Last week we showed a voting harness lifted a cheap model to match the frontier one, but cost three times as much for the same score, and the one error it could not fix was a mistake the model made every single time. This week we tried the other lever. Instead of asking the cheap model the same question seven times, we asked the expensive model to write down its method once, then handed that method to the cheap model. It hit 100%, past the frontier model and past the voting harness, at a third of the voting cost. Then we ran it again and it did not.
The idea
This is the sequel to that test, on the exact same task and seed, so the numbers line up. The technique is prompt-level distillation, from a recent paper of the same name: take the strong model's reasoning, boil it down to a reusable procedure, and prepend that procedure to the weak model's prompt. No fine-tuning, no training, no new model. You pay the strong model once to write the recipe, then the cheap model follows it on every job after that.
The reason it is worth trying is the failure we hit last time. Voting resamples the same model and takes the majority answer, so it only rescues you from random slips that cancel out. It cannot outvote a systematic mistake: if the model misreads the time window the same way every time, seven votes are seven wrong answers. Distillation does not resample. It changes the method. So in principle it can fix the exact error voting was stuck on.
What we did
Same task as before: 40 generated instances of a multi-constraint counting problem (around 40 events, each with a time, a type and a value; count how many match a type, a time window and a value range all at once). We paid Opus once to study four worked examples from a held-out seed and write a general step-by-step procedure for the task, leaning on the steps cheap models fluff (the exclusive time comparison, the inclusive value check, counting only events that pass every constraint). Then we ran Haiku once per instance, at temperature 0, with that procedure pinned to the top of its prompt. Same grading, exact match.

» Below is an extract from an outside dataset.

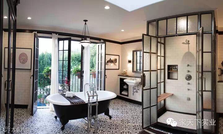吊顶十分简洁,只有一个吊灯跟其他辅助光源,挨下来的墙壁用了瓷砖来装饰,黑色边框的整体描边处理,搭配室内家具的黑色,用线条来填补空间;地面上古典样式的黑白浴缸,点燃空间情绪,最后用风格浓郁的花砖来大面积收尾,整个空间布置不紧不慢。还是卫浴间,地砖选择了六边形花砖,稳固的形状拼接在一起,成就了这番美貌。花砖的色调把握上,也让空间归于雅致。

| Condition | Accuracy | Cost |
|---|---|---|
| Haiku, 1 shot (the cheap baseline) | 90–92.5% | $0.08 |
| Haiku, vote@7 (the harness) | 97.5% | $0.56 |
| Opus, 1 shot (the teacher) | 97.5% | $0.18 |
| Haiku + distilled procedure | 100% | $0.16 |
That $0.16 includes the one-time $0.02 we paid Opus to write the procedure, amortised across the run. The cheap model with the recipe beat the voting harness (97.5% at $0.56), beat the teacher it learned from (97.5% at $0.18), and did it for less money than either. It fixed all four of the instances the bare cheap model got wrong, including the kind of systematic filter mistake that voting kept getting wrong last week. Changing the method beat resampling the mistake.
The catch
The whole result rides on one thing: the quality of the single procedure the teacher writes. We had already run this once, on 17 June, with a different teacher draw. That run landed at 92.5%, no better than the bare baseline. The procedure fixed some instances and taught a brand new wrong habit on another, and the two cancelled out. Same code, same task, same models. One run perfect, one run flat.
So the honest headline is not "distillation wins". It is "distillation can win, big and cheap, but it is a roll of the dice on the recipe". Voting is reliable and expensive. Distillation is cheap and variable. A good procedure is worth more than seven votes; a mediocre one is worth nothing, and you do not find out which you drew until you grade it. The fix is the obvious one (write a few candidate procedures, keep the one that scores best on a held-out set), but that is back to spending, and measuring, not assuming.
Honest limits: one task type, 40 instances, two teacher draws, one cheap and one frontier model, exact-match grading. We meant to run a five-draw sweep to pin the spread properly and the workspace hit its API cap mid-run, so the variance here is two points, directional not nailed. The code and seed are public so anyone can run more. The takeaway holds either way: distilling the frontier model's method into a cheap model's prompt is a real lever, often a cheaper one than voting, and how far it lifts you is a number you measure, not a number you are sold.